A restructuring plan is a new restructuring tool introduced into Part 26A of the Companies Act 2006 in June 2020 by the Corporate Insolvency and Governance Act 2020. It constitutes an "arrangement" or "compromise" between the company and its stakeholders and will result in a reduction or reshaping of the liabilities owed to those stakeholders.
The process for a restructuring plan is very similar to the well-established "scheme of arrangement" regime, with stakeholders split into classes in respect of both their treatment under the proposal and for voting purposes. However, unlike a scheme of arrangement, a restructuring plan allows for dissenting classes of stakeholders to be bound in certain circumstances. This is known as "cross-class cram-down".
In the Amicus Finance case, the joint administrators sought to use Part 26A of the Companies Act 2006 to propose a restructuring plan which compromised the claims of creditors and permitted an exit from the administration, whilst also restoring the company as a going concern, the only alternative being a liquidation of the company. It was also proposed that once they had exited office, the joint administrators would continue as plan administrators under the restructuring plan.

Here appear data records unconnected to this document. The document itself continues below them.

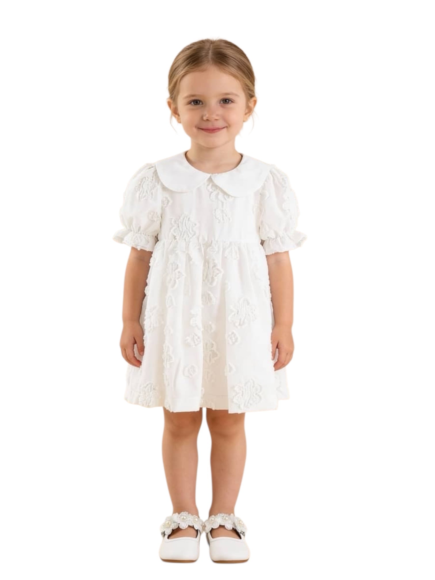 Floral Chiffon Short Sleeve Dress - White - 2Y / White تم طلبه مسبقًا وسيتم شحنه بمجرد عودته إلى المخزون.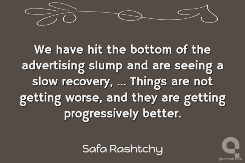 We have hit the bottom of the advertising slump and are seeing a slow recovery, ... Things are not getting worse, and they are getting progressively better.
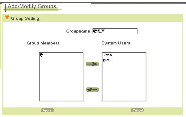 從 BOSS  Web管理界面左側功能表的「User Management」進入「User」或「Group」畫面,可以建立允許存取 BOSS 資料的使用者與群組,建立與設定使用群組可以方便使用者的劃分與管理,您可以使用中文來命名群組。使用者的建立與設定,在於產生有安全權限控管的使用者帳號與密碼,所有想要連線使用 BOSS 的使用者(不管是由外部 WAN 埠或是內部網路 LAN 埠連線),都必須輸入正確的使用者帳號與密碼,才被允許存取使用 BOSS 上的檔案。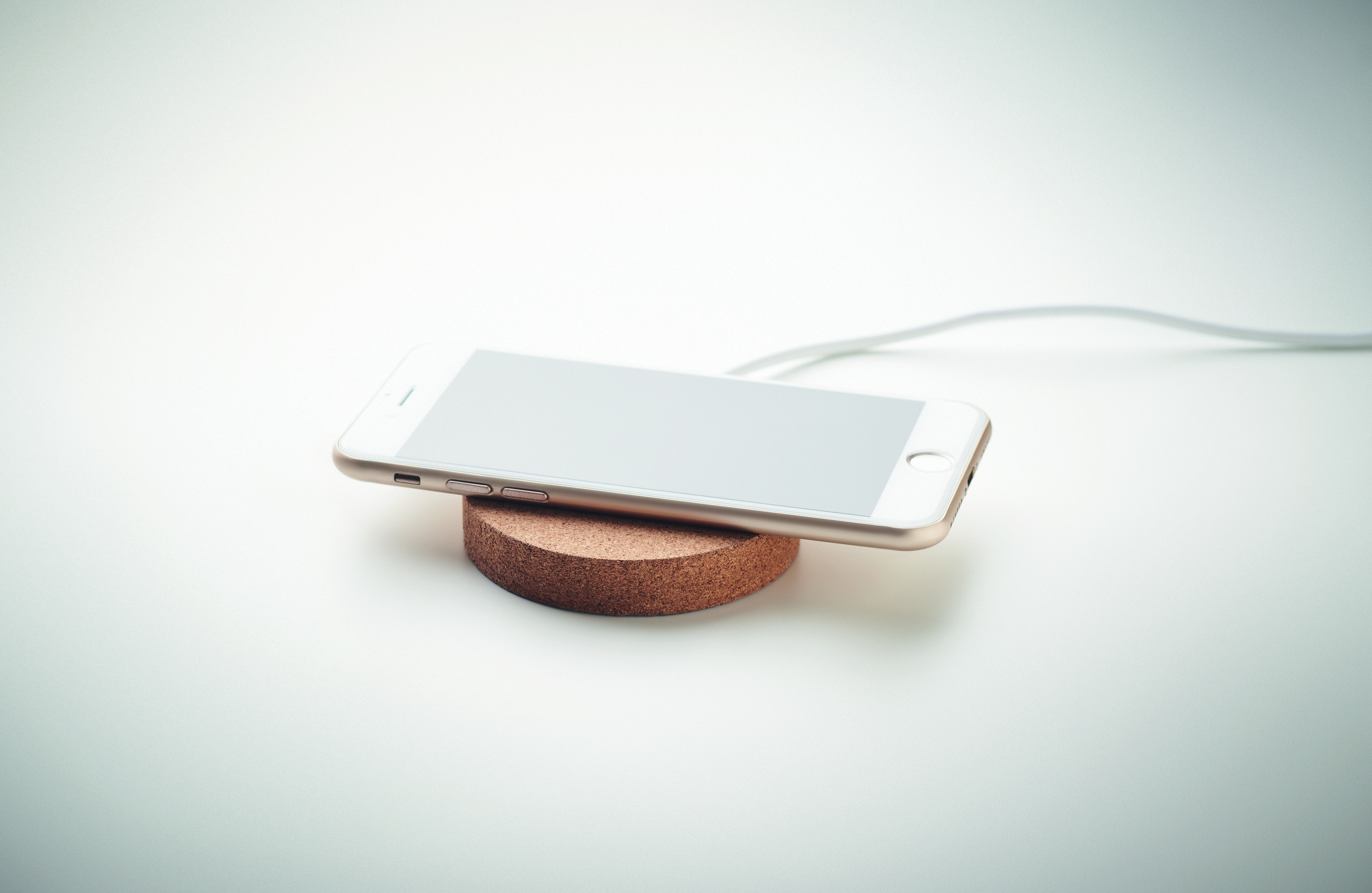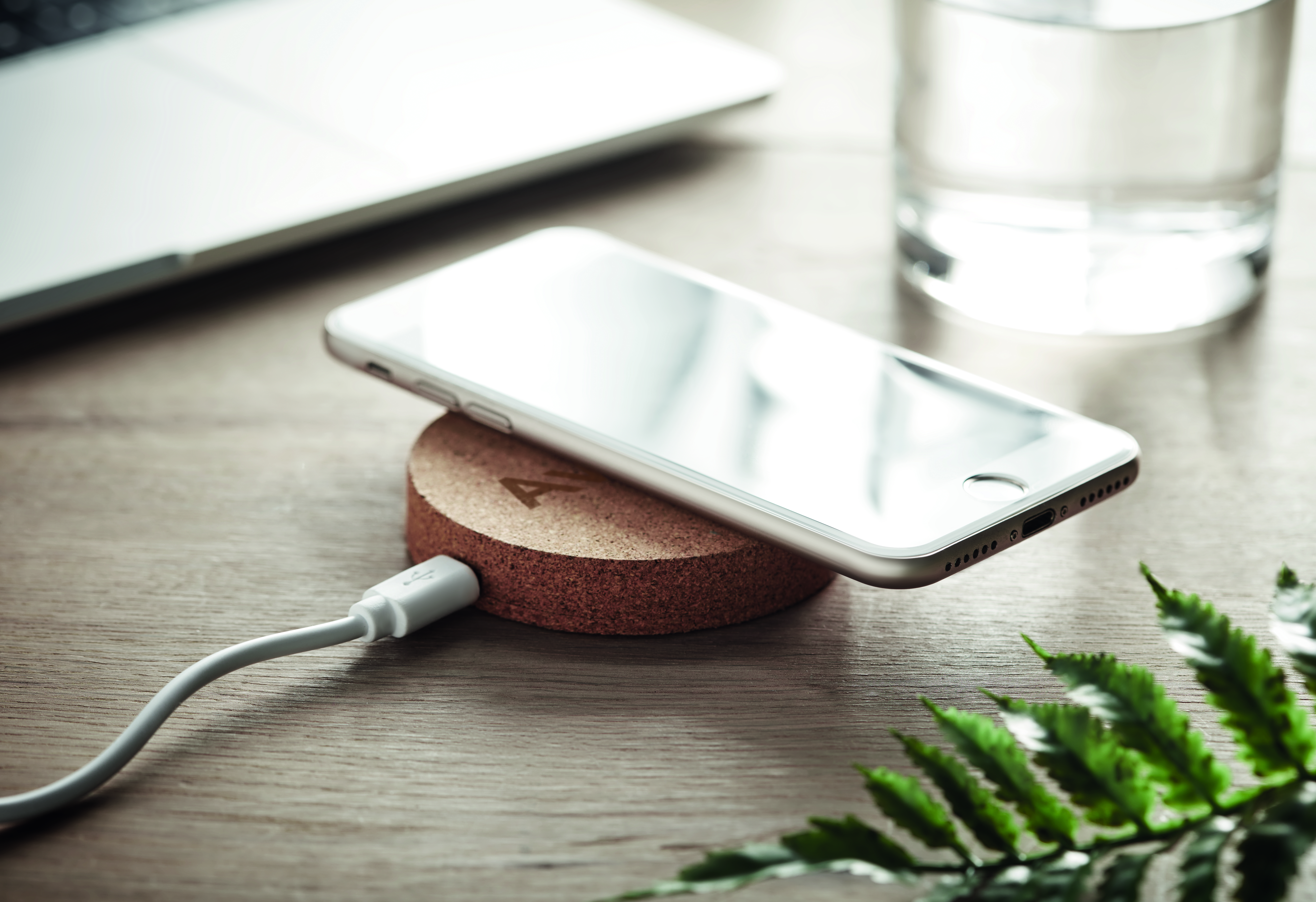 Induktive Ladestation in runder Form aus Kork. Ausgang: DC 9V/1,1A (10W). Kork ist ein 100% natürliches Material. Aufgrund seiner strukturellen Beschaffenheit und Oberflächenporosität kann das endgültige Druckergebnis pro Artikel Abweichungen aufweisen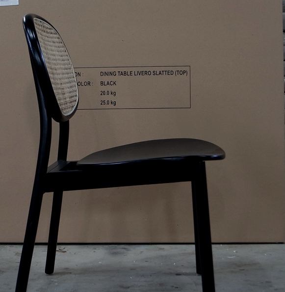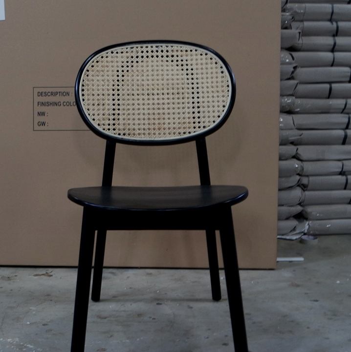 Chaise de salle à manger en bois de mindi avec dossier en rotin
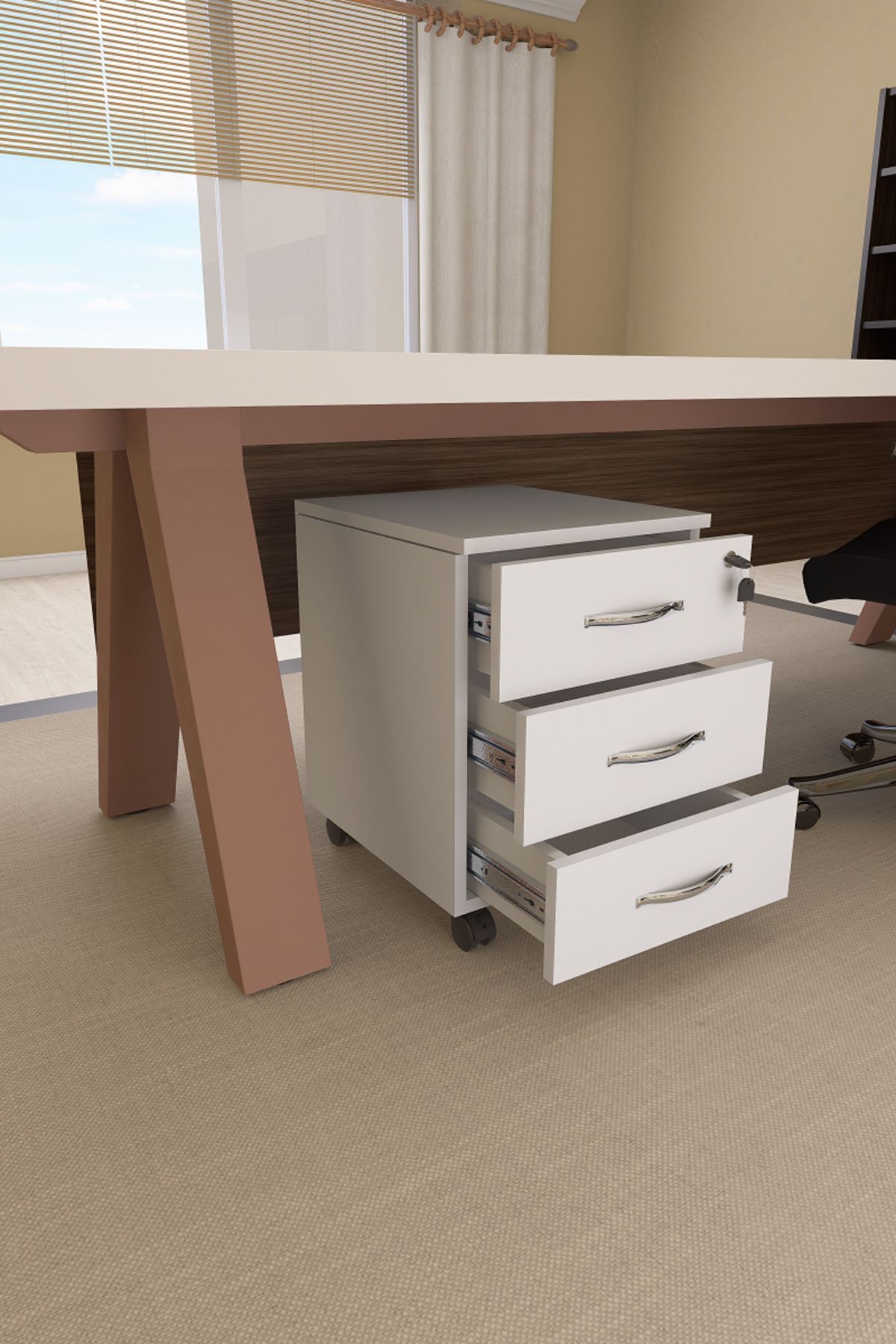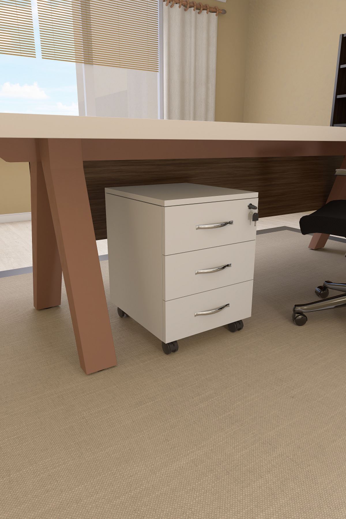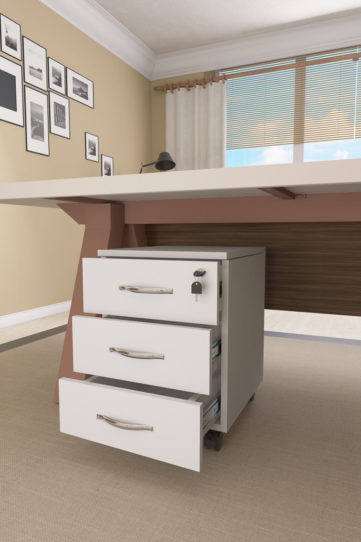 Mirello Under-Table Caisson White with 3 Drawers and Lock
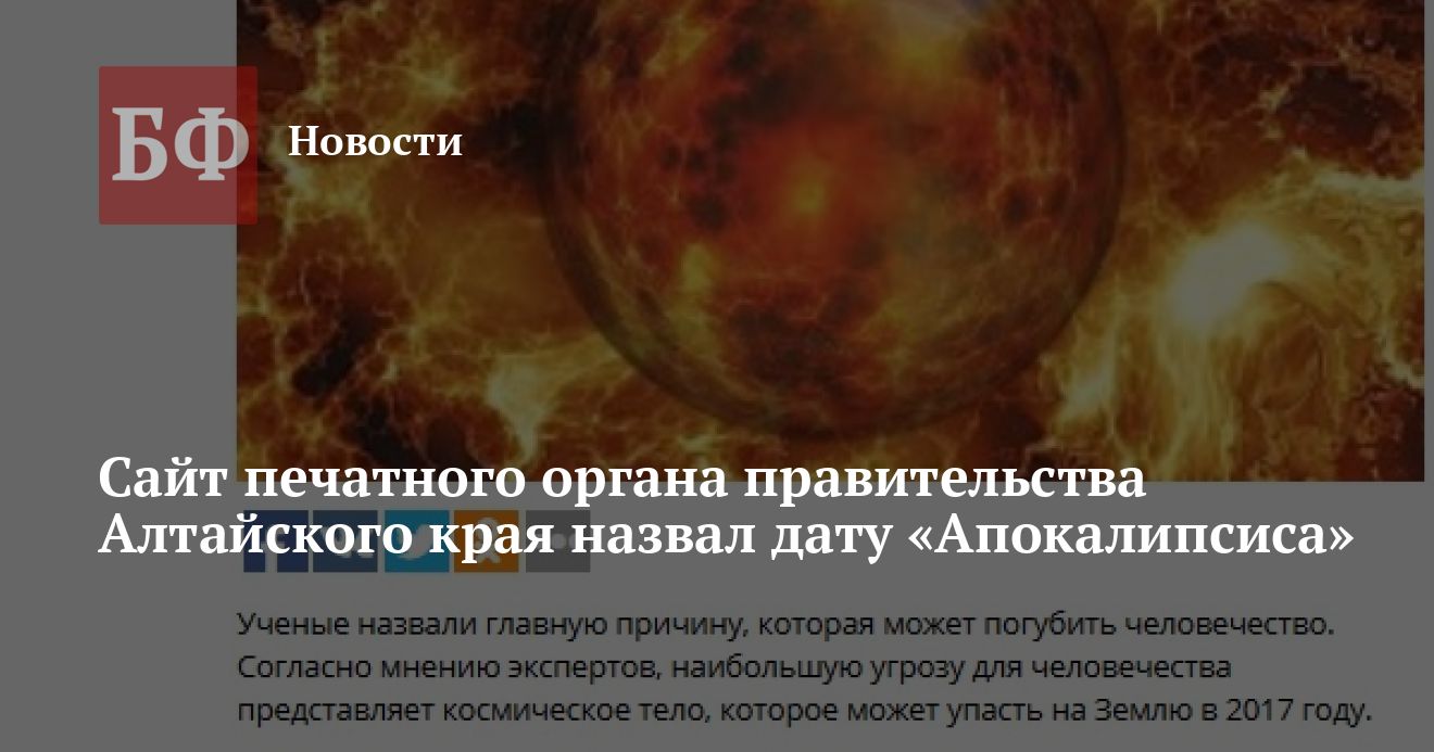 Офсайт краевой массовой, общественно-политической газеты «Алтайская правда», учредителями которой являются правительство региона и Алтайское Заксобрание, 19 апреля раскрыл дату «конца света». Как указано на сайте «алтайки», «Апокалипсис» произойдет 12 октября 2017 года.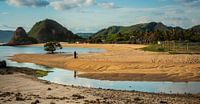 Aan het strand van Kuta, Lombok, eiland van Indonesië. Moeder met kind loopt over het strand bij zonsondergang. Blauwe zee reflecteert het heuvelachtig landschap. Panorama, reis en landschapsfotografie.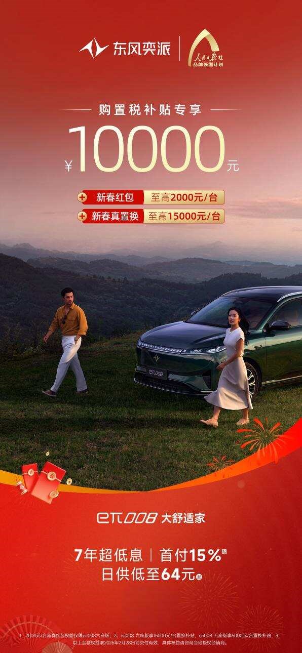 备受家庭用户青睐的“大舒适家”奕派008,以“真满配、真智能、真超值”全能产品力满足用户多元化需求。值新春之际,推出限时10000元专享购置税补贴、至高15000元置换补贴等福利;此外,即日起至2月28日前,凡在东风奕派官方APP/小程序下订奕派008的用户,还可领取2000元“马利”红包,为新的一年增添“马上有利”好彩头!在金融端,还推出7年超低息、首付15%起、日供仅64元起购车政策,让更多家庭轻松升级出行品质。作为家庭SUV的价值标杆,奕派008以更高品质、更具温度的体验,重新定义家庭出行新高度。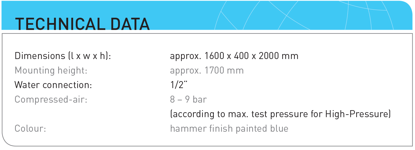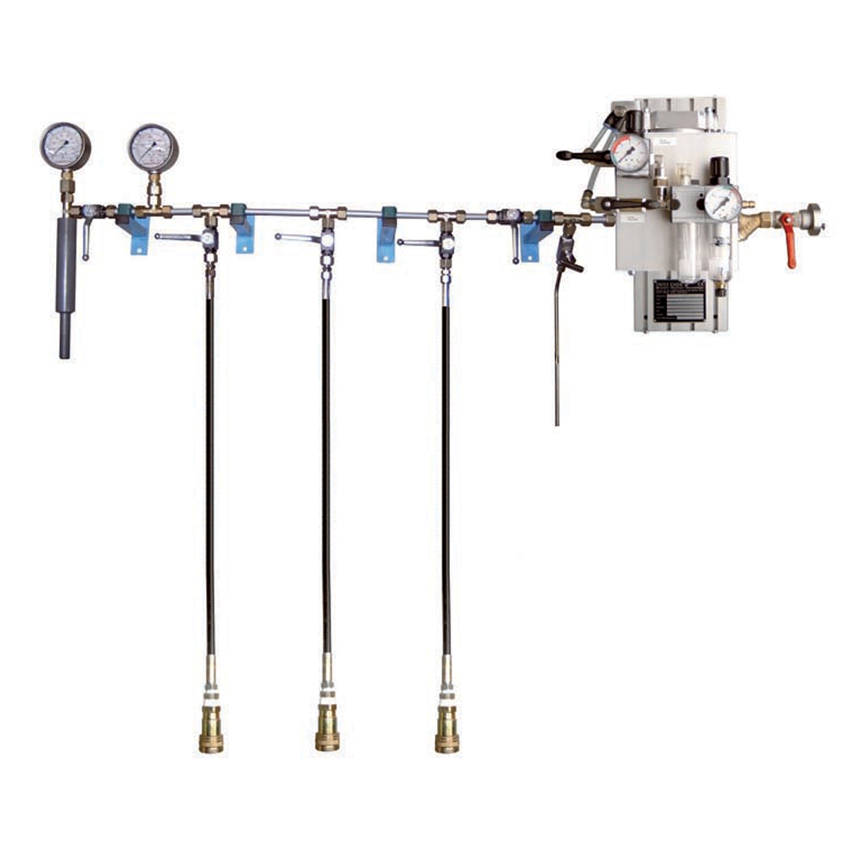The High- and Low-Pressure testing unit, model HND-W-3 is a testing unit with 3 connections for wall assembly. It is suitable for testing of powder- and CO2 -fire extinguishes, CO2 bottles, breathing air apparatus, diving bottles, N2 cylinders etc. of all sizes, dimensions and types.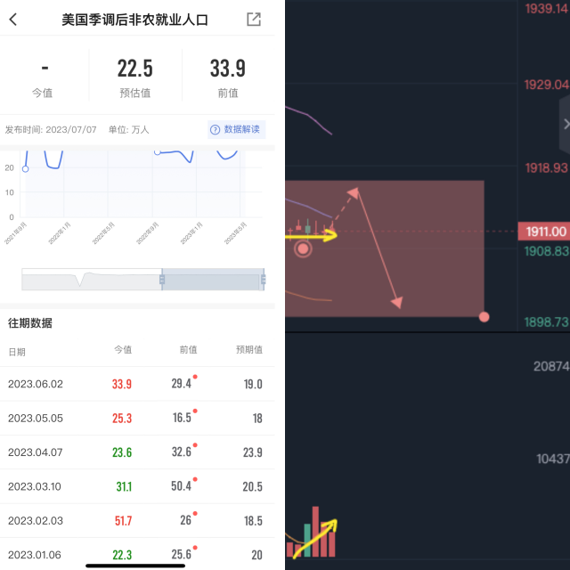今天黄金迎来正式的非农,昨天的小非农我们预测走高正确,也预测黄金最低跌到1906正确,那么今天非农数据怎么解读呢?是直接照搬小非农走高而利空黄金吗?我们先来回顾一下今年的非农数据,和公布时黄金的价格涨跌: 6月2日:>前值,>预期,黄金跌。 5月5日:>前值,>预期,黄金跌。 4月7日:<前值,<预期,黄金跌。 3月10日:<前值,>预期,黄金涨。 2月3日:>前值,>预期,黄金跌。 1月6日:<前值,>预期,黄金涨。 这个列出来,就很容易发现:大于预期,黄金跌,小于预期,黄金涨。那么唯独4月不走寻常路呢?4月要单独列出来,它是靠近预期的,只要是悬殊不大的,符合市场预期的,都会被提前消耗殆尽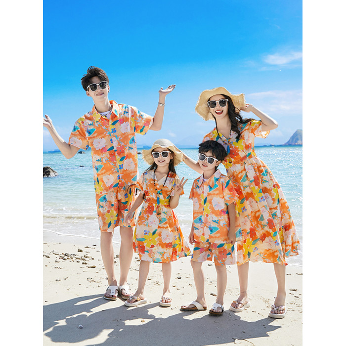 海邊親子裝夏裝一家三四口母子女連衣裙旅遊度假沙灘情侶襯衫套裝

Amicus Finance specialised in short-term property finance and had a $600 million loan book. It had traded in administration since December 2018. The company’s secured creditors comprised of Hartford Growth (Trading) Limited, which had provided funding in the administration, and Crowdstacker Corporate Services Limited, an online peer-to-peer lending platform provider which has assisted in raising funds for the company through its peer-to-business loan platform.
Due principally to the impact of Covid-19 and Brexit, which had a substantial impact on realisations, the joint administrators concluded that it could no longer continue in administration. Consequently, the administrators applied for the convening of meetings to vote on and for an order sanctioning a restructuring plan, which they considered, if implemented, would place creditors in a better position than if the company went into liquidation.
The restructuring plan itself compromised the claims of five classes of administration creditors: expense creditors, senior secured creditors, junior secured creditors, preferential creditors and unsecured creditors. This case was also the first time the cross-class cram-down mechanism had been used to cram-down the vote of one of the company’s secured creditors, Crowdstacker, which had fully opposed the restructuring plan, the Court having been satisfied that the dissenting class would be no worse off than in the relevant alternative, being a liquidation.